Pardon the dreadful pun in the title, it refers to the latest round of funding from Eurimages.

I have noted before that of the eight feature film projects supported by Eurimages over the last two and a half years that involve an Irish co-producer only one of them is directed (and written) by an Irish director.

We now have two further decisions from Eurimages concerning projects with Irish participation, involving substantial amounts of public money, and neither is being led by Irish talent. The total Eurimages contribution to these ten projects is about €4.2m, not including the €650,000 awarded to La Mula which Ireland boarded after the Eurimages decision.

The two latest projects are -

A Royal Affair/Caroline Mathildes AR
By Nikolaj Arcel (Denmark)
Feature Film
Awarded: €600 000
Co-producers:
ZENTROPA ENTERTAINMENTS 25 Aps (DK)
TROLLHÄTTAN FILM AB (SE)
SIA FILM ANGELS (LV)
SUBOTICA LIMITED (IE)

This Must Be the Place
By Paolo Sorrentino (Italy)
Feature Film
Awarded: €600 000
Co-producers:
INDIGO FILM Srl / LUCKY RED Srl (PRODUCTION) (IT)
ARP S.a.s (FR)
ELEMENT PICTURES Ltd (PRODUCTION) (IE)

This Must Be the Place is also written by Sorrentino and has an offer of €500,000 from the Irish Film Board. A Royal Affair is written by Arcel and R. Heisterberg and received a provisional offer of commitment for an unspecified amount from the IFB in the same funding round as the Sorrentino project, 23 April 2010 (the third of only three rounds published so far in 2010).

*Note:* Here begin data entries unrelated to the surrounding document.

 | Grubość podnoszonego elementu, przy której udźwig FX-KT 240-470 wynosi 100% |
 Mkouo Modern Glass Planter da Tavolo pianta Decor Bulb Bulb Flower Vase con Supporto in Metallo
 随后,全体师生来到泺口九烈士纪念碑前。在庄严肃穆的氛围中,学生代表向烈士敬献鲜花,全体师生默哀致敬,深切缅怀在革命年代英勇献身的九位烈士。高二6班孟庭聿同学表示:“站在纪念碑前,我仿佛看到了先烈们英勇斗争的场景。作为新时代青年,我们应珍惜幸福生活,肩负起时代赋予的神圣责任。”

Presumably IFB funding is being made available to both projects because either some (or all) of each film is being shot in Ireland, some crew are being hired here, or because the post-production is taking place here. Doubtless the projects will also apply for Section 481 funding.

That said, A Royal Affair has public funding from Riga City Council on the basis that the film will be shot in the Latvian capital. The Sorrentino project will shoot in Dublin and Wicklow for three weeks in August before relocating to the US for seven weeks. The film follows Sean Penn's character, an aged rocker, who hopes to reconcile with his dying father but has left it too late.

If one were to add up the amount of public funding going into the ten 'Irish' Eurimages projects - Eurimages + IFB + Section 481 - you would be forgiven for thinking that the 'service' side of film production was aggregating far more of this public money than Irish directing and writing talent and indigenously developed projects.